══ Supplied information

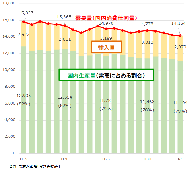 国内の野菜需要量は、人口減少や食の少食化等を背景に、過去約20年間で1割減少しました(平成15年の15,827千トンから、令和4年には14,164千トンへ)。供給の内訳を見ると、国内生産量が全体の約79%(11,194千トン)を占め、残りの約21%(2,970千トン)を輸入に依存している状況です。
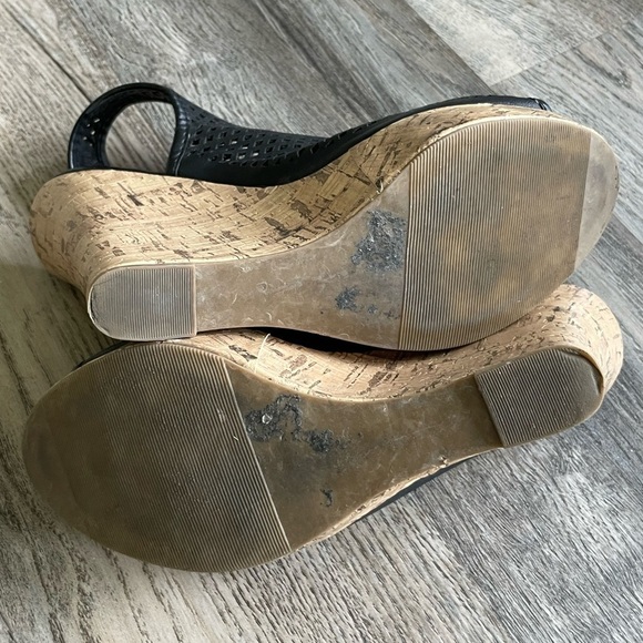 Sbicca Open Toed Black Wedge Sandals, size 8. In good used condition. Wedge is 5” and platform is 1” so overall heel is 4” tall.
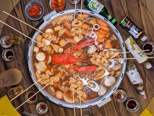 除了招牌的一隻雞外,這裡的海鮮也是十分瘋狂,像這樣巨大的木桶裡面裝著滿滿的海鮮,光看就讓人非常震撼。
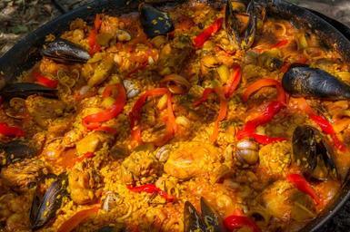 Keywords: paella andalusia spain cooking mussels mixed pan food seafood dish meal rustic mediterranean saffron traditional spice yellow cuisine restaurant tasty paprika fresh spicy delicious famous
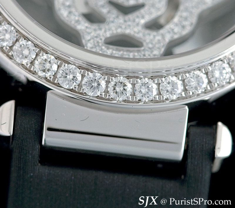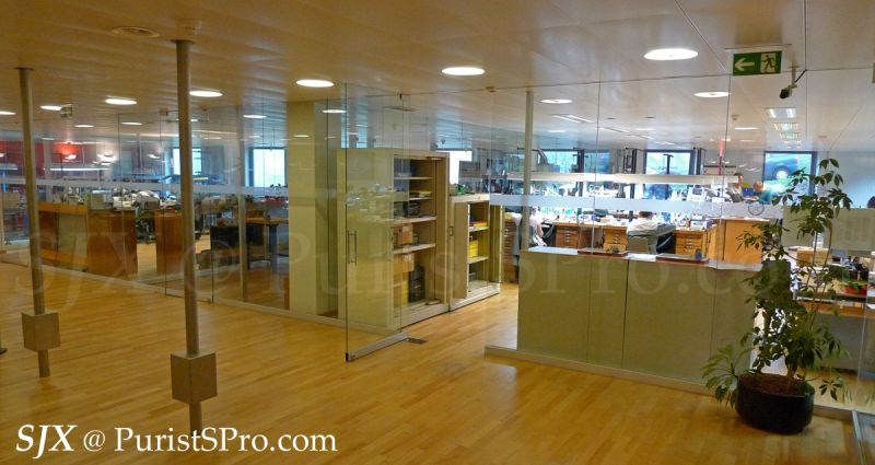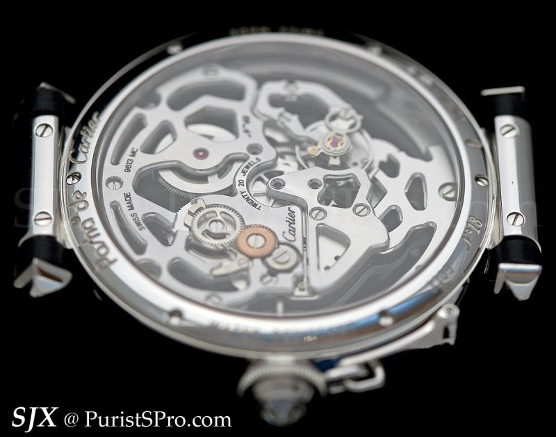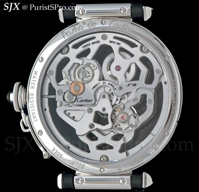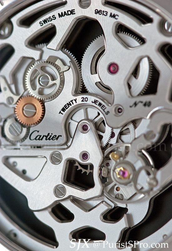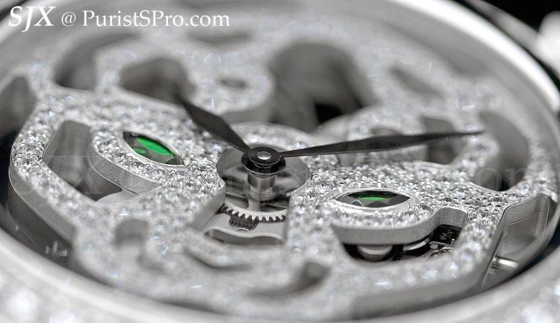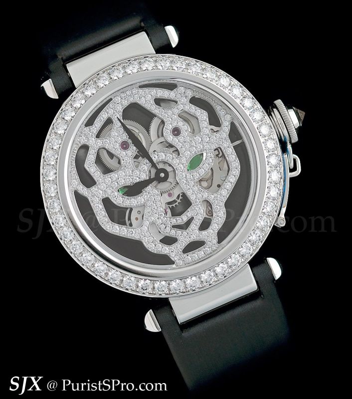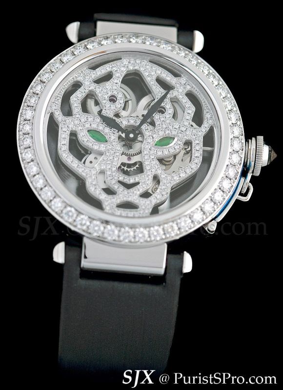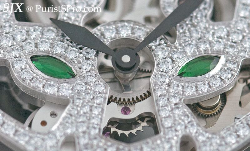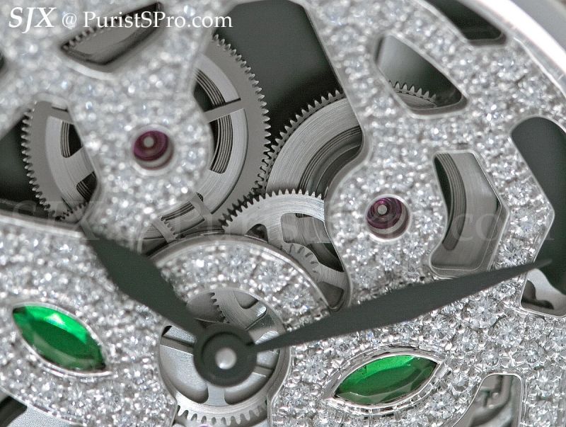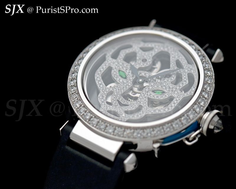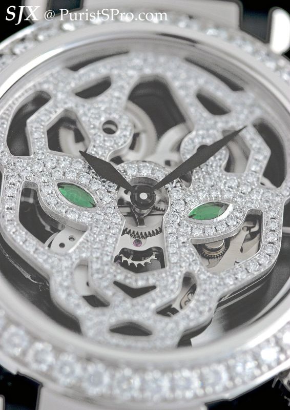 Only a handful of the stunning Pasha de Cartier Panthere Skeleton are made each year. It is a woman's jewellery watch, but one that is also a deeply accomplished technical watch. A woman who wears such a watch probably knows her watches, or at least her husband does! This watch is also a perfect representation of Cartier's skills as a jeweller and watchmaker - the movement is finished by the high horology decoration atelier while the gems are set at the adjacent high jewellery workshop, in the Cartier manufacture in La Chaux-de-fonds (below). Set with 4.1 carats of diamonds on the case and movement, with emeralds for the panther eyes, this is a fusion of high jewellery and highly accomplished watchmaking. The 9613 MC movement used here is a variant of the 9611 MC movement used in the Santos skeleton. The familial resemblance is obvious. As with all watches from the Fine Watchmaking, the movement is finished to haute horlogerie standard, with beautifully executed anglage; though I do wish there were some sharp interior angles on the bridges which would take the movement finish to a whole new level. Watches like this skeleton, as well as the jump hour are to me the highlights of the Fine Watchmaking collection, because they represent high watchmaking with a twist, in a way that few others can accomplish. On the other hand, models like the flying tourbillon - which is a well crafted and also well priced timepiece - are less interesting because they are not to different from the competition. I hope to see, and I know I will, more watches like this at SIHH 2011.

════

- Your task -
Each entry should be output word for word, with no pictures carried over.

- Written response -
 国内の野菜需要量は、人口減少や食の少食化等を背景に、過去約20年間で1割減少しました(平成15年の15,827千トンから、令和4年には14,164千トンへ)。供給の内訳を見ると、国内生産量が全体の約79%(11,194千トン)を占め、残りの約21%(2,970千トン)を輸入に依存している状況です。
 Sbicca Open Toed Black Wedge Sandals, size 8. In good used condition. Wedge is 5” and platform is 1” so overall heel is 4” tall.
 除了招牌的一隻雞外,這裡的海鮮也是十分瘋狂,像這樣巨大的木桶裡面裝著滿滿的海鮮,光看就讓人非常震撼。
 Keywords: paella andalusia spain cooking mussels mixed pan food seafood dish meal rustic mediterranean saffron traditional spice yellow cuisine restaurant tasty paprika fresh spicy delicious famous
 Only a handful of the stunning Pasha de Cartier Panthere Skeleton are made each year. It is a woman's jewellery watch, but one that is also a deeply accomplished technical watch. A woman who wears such a watch probably knows her watches, or at least her husband does! This watch is also a perfect representation of Cartier's skills as a jeweller and watchmaker - the movement is finished by the high horology decoration atelier while the gems are set at the adjacent high jewellery workshop, in the Cartier manufacture in La Chaux-de-fonds (below). Set with 4.1 carats of diamonds on the case and movement, with emeralds for the panther eyes, this is a fusion of high jewellery and highly accomplished watchmaking. The 9613 MC movement used here is a variant of the 9611 MC movement used in the Santos skeleton. The familial resemblance is obvious. As with all watches from the Fine Watchmaking, the movement is finished to haute horlogerie standard, with beautifully executed anglage; though I do wish there were some sharp interior angles on the bridges which would take the movement finish to a whole new level. Watches like this skeleton, as well as the jump hour are to me the highlights of the Fine Watchmaking collection, because they represent high watchmaking with a twist, in a way that few others can accomplish. On the other hand, models like the flying tourbillon - which is a well crafted and also well priced timepiece - are less interesting because they are not to different from the competition. I hope to see, and I know I will, more watches like this at SIHH 2011.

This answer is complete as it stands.